The Publican? Mmm. The emphasis is, again, on meat—the menu doesn’t neglect fish, no, but the enormous portraits of Botero-scaled pigs tend to draw the unconscious to the wonderfully rich lineup derived from four-legged wildlife, especially pork. We ordered pork belly (excellent—pink and moist), beef and oyster pie, pork-and-duck rillette, with sides of brussels sprouts and escarole. Food was, again, served family-style, which means you can wind up glutted on meat if you don’t order carefully. But all that we ate was robust and unstintingly rich—Aldo, frankly, was in heaven, although my own tastes meant that we ruled out tripe and boudin noir.

We drank a tempranillo reserva, El Retiro 2005. It was fruit-forward but, beyond that, not terribly interesting. However, I appreciated the wine stewardess bringing me samples of several wines so that I could taste before ordering a fresh bottle for the table.

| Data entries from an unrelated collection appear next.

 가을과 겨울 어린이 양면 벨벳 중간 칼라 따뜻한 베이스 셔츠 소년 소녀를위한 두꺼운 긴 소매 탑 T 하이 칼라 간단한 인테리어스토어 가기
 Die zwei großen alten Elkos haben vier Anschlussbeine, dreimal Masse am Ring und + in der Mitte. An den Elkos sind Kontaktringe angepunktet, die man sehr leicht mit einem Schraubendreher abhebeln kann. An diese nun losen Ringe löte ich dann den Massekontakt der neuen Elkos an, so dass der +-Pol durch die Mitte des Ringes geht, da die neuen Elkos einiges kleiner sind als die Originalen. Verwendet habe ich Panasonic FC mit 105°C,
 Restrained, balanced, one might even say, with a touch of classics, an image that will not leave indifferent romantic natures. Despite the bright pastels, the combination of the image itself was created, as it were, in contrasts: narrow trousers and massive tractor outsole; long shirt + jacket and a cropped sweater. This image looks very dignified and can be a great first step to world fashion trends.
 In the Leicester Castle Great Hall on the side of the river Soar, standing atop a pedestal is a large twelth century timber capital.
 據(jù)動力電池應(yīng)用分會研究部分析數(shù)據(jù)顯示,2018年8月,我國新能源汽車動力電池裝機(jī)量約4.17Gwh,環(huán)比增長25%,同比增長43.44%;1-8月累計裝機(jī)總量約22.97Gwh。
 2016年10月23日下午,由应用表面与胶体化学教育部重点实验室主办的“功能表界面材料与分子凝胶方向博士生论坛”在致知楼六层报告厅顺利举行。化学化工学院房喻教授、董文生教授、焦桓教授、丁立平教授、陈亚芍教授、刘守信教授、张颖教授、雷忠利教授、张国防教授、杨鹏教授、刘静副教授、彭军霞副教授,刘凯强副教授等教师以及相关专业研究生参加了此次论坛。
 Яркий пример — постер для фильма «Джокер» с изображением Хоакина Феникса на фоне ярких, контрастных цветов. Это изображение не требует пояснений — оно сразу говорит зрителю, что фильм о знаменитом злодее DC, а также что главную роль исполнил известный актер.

Unlike the much more intimate Avec, though, the atmosphere at the Publican didn’t really agree with us: It’s designed as a beer hall, a cavernous space with most diners seated at long communal tables. There are also some booths, which may very well be comfortable, but looked oddly like stalls, and so made the diners in my mind resemble cattle at the trough. I’m not sure this setup would work in Manhattan, where people are almost maniacal about turf—especially in restaurants. I think Midwesterners, in general, are less worried about sharing open space: Chicago itself, after all, feels like a great level plain across which the towering buildings give each other breathing room. In fact, Aldo says the city makes him oddly vertiginous. He says he’s not used to seeing so much sky between such tall buildings.